# HOWS THIS FOR A DEAL??? GUNS GUNS AND MORE GUNS



## realspeed (Jul 22, 2009)

I know alot of the members on here are from alabama. sooooo. I own a gun store in Birmingham. So any FORUM member wants a gun from me. They can have it at COST+TAX. I'll even show you the invoice. If you are lookin for something just let me know. I look forward to hearing from you guys and meeting some of you also. Florida, Mississippi, Georgia, Tennessee residents can purchase long guns from me. but i know you prolly don't want to make the drive.
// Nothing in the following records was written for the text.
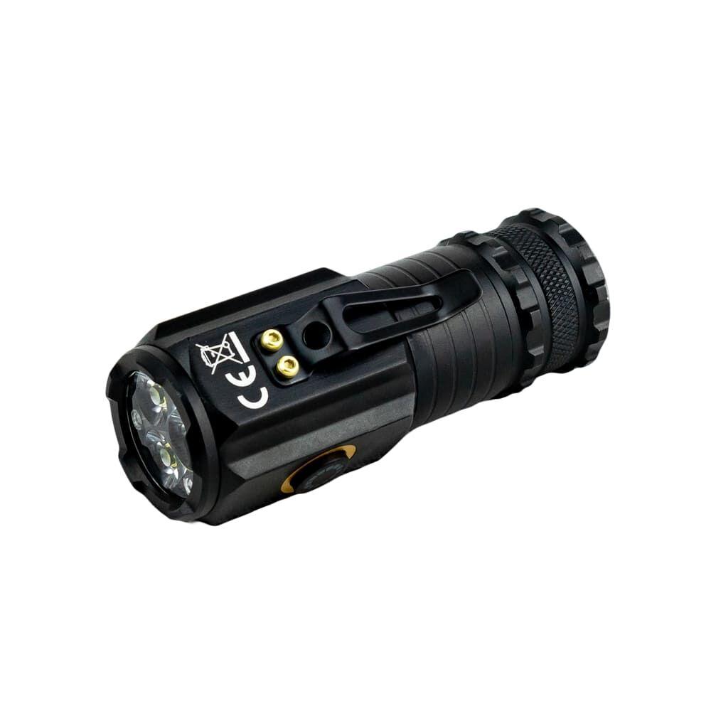 Výkonné vreckové svietidlo s tromi LED diódami (P35 SFS80) a svetelným výkonom až 850 lúmenov. Ponúka 4 režimy svietenia a skrytú funkciu stroboskopu, s dosahom až 100 metrov. Napájané je nabíjateľnou 18350 batériou (1100 mAh), ktorá sa dobíja cez USB-C konektor. Svietidlo má magnetickú základňu, nerezový klip, odolné hliníkové telo (eloxovaný letecký hliník), odolnosť IPX4 a nárazuvzdornosť do 1 metra. Ideálne na každodenné použitie, prácu aj outdoor aktivity.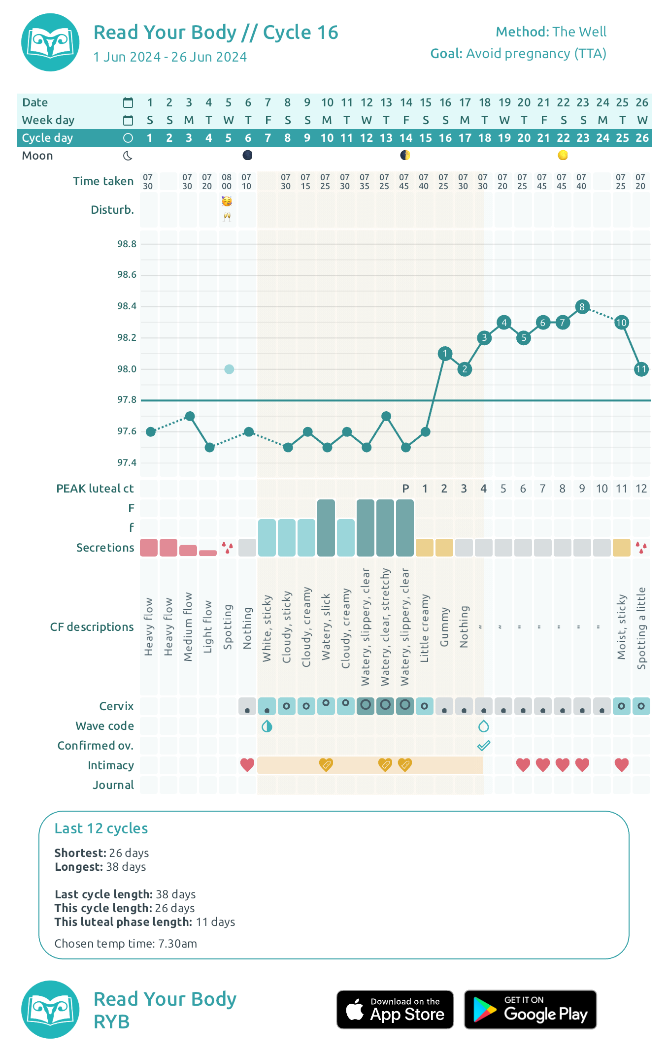 Read Your Body is the most private and customizable cycle charting app on the market and is the only app whose use is endorsed by The Well. They are female led, privacy-focused and non-profit, they have a transparent subscription-based funding model, they strive to constantly evolve with input from their community, and they are inclusive of all charting goals, values, and practices.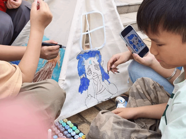 家长和孩子们以“自然”“家园”“梦想”为主题在白色帐篷上进行创作,孩子们充分发挥对大自然的想象,用稚嫩的笔触描绘花朵、星空和小动物,志愿者则从构图、配色等角度提供建议。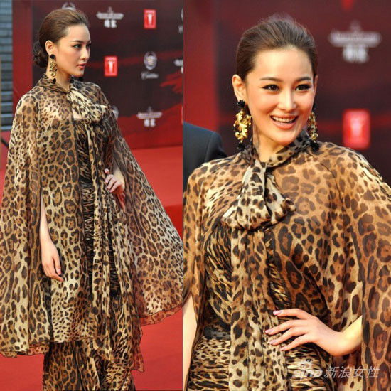 张馨予一身大面积的豹纹雪纺裙亮相,犹如“猛兽来袭”,霸气十足。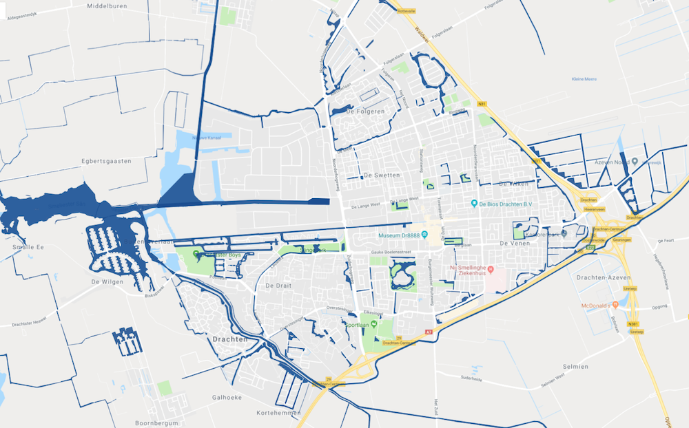 Hieronder zie je het betreffende kaartje van de viswateren rondom en in Drachten.

But the offer is for you guys also.


----------



## Splittine (Nov 24, 2007)

Dang helluva deal. Does this deal go for shipping or does it have to picked up from you.


----------



## dailysaw (Jan 22, 2008)

very nice!! Thanks


----------



## realspeed (Jul 22, 2009)

Honestly not trying to be a d*ck or anything they would need to be picked up. If i was making $$$ off this I would not mind shipping at all. but this is a no profit thing. And i got so much going on. but hey if you are looking for somin let me know hell if i might could make 20-30 bucks and ship it and it still be cheaper for you.... you never know.


----------



## Splittine (Nov 24, 2007)

> *realspeed (10/16/2009)*Honestly not trying to be a d*ck or anything they would need to be picked up. If i was making $$$ off this I would not mind shipping at all. but this is a no profit thing. And i got so much going on. but hey if you are looking for somin let me know hell if i might could make 20-30 bucks and ship it and it still be cheaper for you.... you never know.


Thats understandable.


----------



## CATCHell (May 19, 2009)

Thanks for the great offer, Interested in a Keltec PF9 for the wife. PM sent Earlier


----------



## BBob (Sep 27, 2007)

Great deals to be had...
Thanks


----------